KFJC (89.7 FM) is a student-run college and community radio station licensed to Foothill College in Los Altos Hills, California. The station, which has a Variety format, broadcasts a broad spectrum of musical genres as well as public affairs programming. KFJC serves the southern San Francisco Bay Area.

KFJC's mission is to be a conduit for new and interesting audio art and information. KFJC's music programming is largely oriented to recent material from many genres. Most programs must play at least 35% (by song count) tracks from material added in the last 8 weeks. The station is licensed to the trustees of the Foothill-De Anza Community College District and operated as a teaching laboratory for the Fine Arts and Communications Department of Foothill College. As a community radio station, the vast majority of KFJC's small operating budget is raised during their annual fundraiser held each October, which is supplemented by other community events such as penny-pitches, film festivals, and the like.

KFJC's 300-watt transmitter is located on Black Mountain, in the Monte Bello Open Space Preserve, south of Los Altos, California.

==History==

===1959–1970===
KFJC signed on October 20, 1959, broadcasting from a broom closet at the old Foothill Junior College campus in Mountain View. The station broadcast from 5 p.m. until 7 p.m. Monday through Thursday, playing "study music" and pre-recorded educational materials. In 1961, Foothill Junior College and KFJC moved to their current location in Los Altos Hills; the station also moved from 88.5 to 89.7 MHz. In 1965, the first rock and roll record was played on KFJC, causing the DJ Woody Muff to be reprimanded shortly after. The next year, however, Woody was rewarded; on April 2, the first rock and roll show was allowed to run on KFJC. It did not last a year, however, before it was forced off the air by more conservative staff members.

By 1968, KFJC numbered 100 staff volunteers and was broadcasting from noon to 9:30 p.m. Monday through Friday. Rock and roll was making more frequent appearances on the station. In 1970, KFJC hosted an open mike session during a nationwide student strike that had also shut down the Foothill College campus.

From the late 1960s to 1972, KFJC was a block-formatted station run by students who were in a 2-year broadcasting program, playing mainly top 40, specialty/ethnic, or progressive rock, the disc-jockey's choice.
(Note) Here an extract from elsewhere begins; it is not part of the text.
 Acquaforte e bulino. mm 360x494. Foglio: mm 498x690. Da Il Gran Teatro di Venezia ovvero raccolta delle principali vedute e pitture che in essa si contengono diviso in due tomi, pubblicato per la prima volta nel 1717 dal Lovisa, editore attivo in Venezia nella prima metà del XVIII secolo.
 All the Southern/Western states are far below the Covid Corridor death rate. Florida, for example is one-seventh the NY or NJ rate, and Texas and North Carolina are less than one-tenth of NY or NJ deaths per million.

Airshifts were assigned by the program director, but the schedule was loose and allowed for station sign-offs if slots were unfilled. Record service was intermittent with mostly single 45s being issued from the record companies.

===1971–1985===
In 1972 several of the students joined managers Keith Garvey and Ted Brooks to professionalize station operation. Regular playlists were now compiled for the record companies, tallied from the songs DJs chose to play that week. This enabled KFJC to get professional record service. The emphasis turned to competing with the local professional progressive rock stations (mainly KOME, KSJO, and KSAN). As a distinction, DJs highlighted songs and albums that were exclusively played on KFJC. Several ethnic and specialty shows were also part of the programming during these years. The broadcast day was increased to 24 hours and according to surveys conducted by KOME, KFJC had quite a following during the 1973-1975 era.
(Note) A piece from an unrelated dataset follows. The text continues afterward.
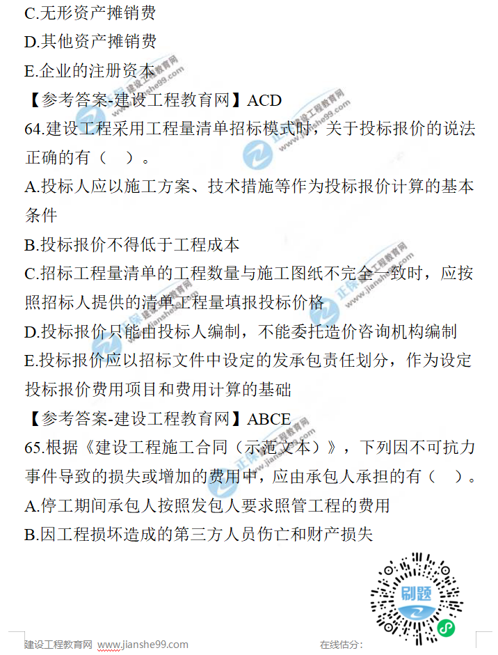 2021年一級建造師工程經(jīng)濟試題及答案61-70題

Jona Denz was elected Station Manager in 1974 with a goal of raising the station's power and upgrading from mono to stereo broadcasting. She and her staff began the Dead Air Club as a fundraising entity and developed a series of concerts, movies, and other events to achieve it. By 1975, KFJC had increased its power from 10 Watts mono to 250 Watts stereo, enhancing its sound quality while maintaining its reach from San Francisco to San Jose.

Popular personalities during the mid '70s era included Phil On the Hill, Karl Jay & Sister Kate, Screamin' Freeman, Philly Jack, Ken Mensing, Dave Moskowitz, Mike White, and Ted Brooks. Many KFJCers from the early to mid 1970s went on to successful careers in media and broadcasting like Kathy "Sully" Roddy KFAT+, Joe Eick KFRC+, Mike Danberger Chief Engineer for KARA/KLIV/KRTY, Chris Holt radio engineer, Paul "Drapo" Draper recording studio owner, Rock Dibble Record Executive, Wade "Golden Tuna" Axell station owner, Terry Gillingham station owner, Wendy Hoag KOME and Graphic Company owner, Tom Evans, Judy Wasson, Steve Burrell, and Steve Urbani station owners, Gary Lee Fazekas radio and KSBW TV director, Eileen Duhne publisher, and Steve Bailey record store owner. Jona Denz (1972-1975) has maintained 50+ years on air at KOME KBAY+.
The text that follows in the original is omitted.